ENTRIES PROVIDED START
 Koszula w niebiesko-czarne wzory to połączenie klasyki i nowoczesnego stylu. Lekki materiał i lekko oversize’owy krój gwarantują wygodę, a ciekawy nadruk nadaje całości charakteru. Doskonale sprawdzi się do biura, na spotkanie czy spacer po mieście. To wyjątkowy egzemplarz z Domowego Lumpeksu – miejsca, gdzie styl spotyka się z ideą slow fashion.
ENTRIES PROVIDED END
ENTRIES PROVIDED START
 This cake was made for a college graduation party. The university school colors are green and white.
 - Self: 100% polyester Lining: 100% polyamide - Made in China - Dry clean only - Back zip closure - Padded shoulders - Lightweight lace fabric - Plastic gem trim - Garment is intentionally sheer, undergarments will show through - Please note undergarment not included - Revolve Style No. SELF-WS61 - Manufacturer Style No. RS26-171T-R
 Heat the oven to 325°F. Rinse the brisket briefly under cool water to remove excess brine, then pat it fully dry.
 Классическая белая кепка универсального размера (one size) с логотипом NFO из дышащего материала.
ENTRIES PROVIDED END
TASK TO CARRY OUT
Exactly the lines above from the one with "This cake was" to the one with "- Self: 100%", both included, are to be quoted; leave the rest out.

EXERCISE OUTPUT
 This cake was made for a college graduation party. The university school colors are green and white.
 - Self: 100% polyester Lining: 100% polyamide - Made in China - Dry clean only - Back zip closure - Padded shoulders - Lightweight lace fabric - Plastic gem trim - Garment is intentionally sheer, undergarments will show through - Please note undergarment not included - Revolve Style No. SELF-WS61 - Manufacturer Style No. RS26-171T-R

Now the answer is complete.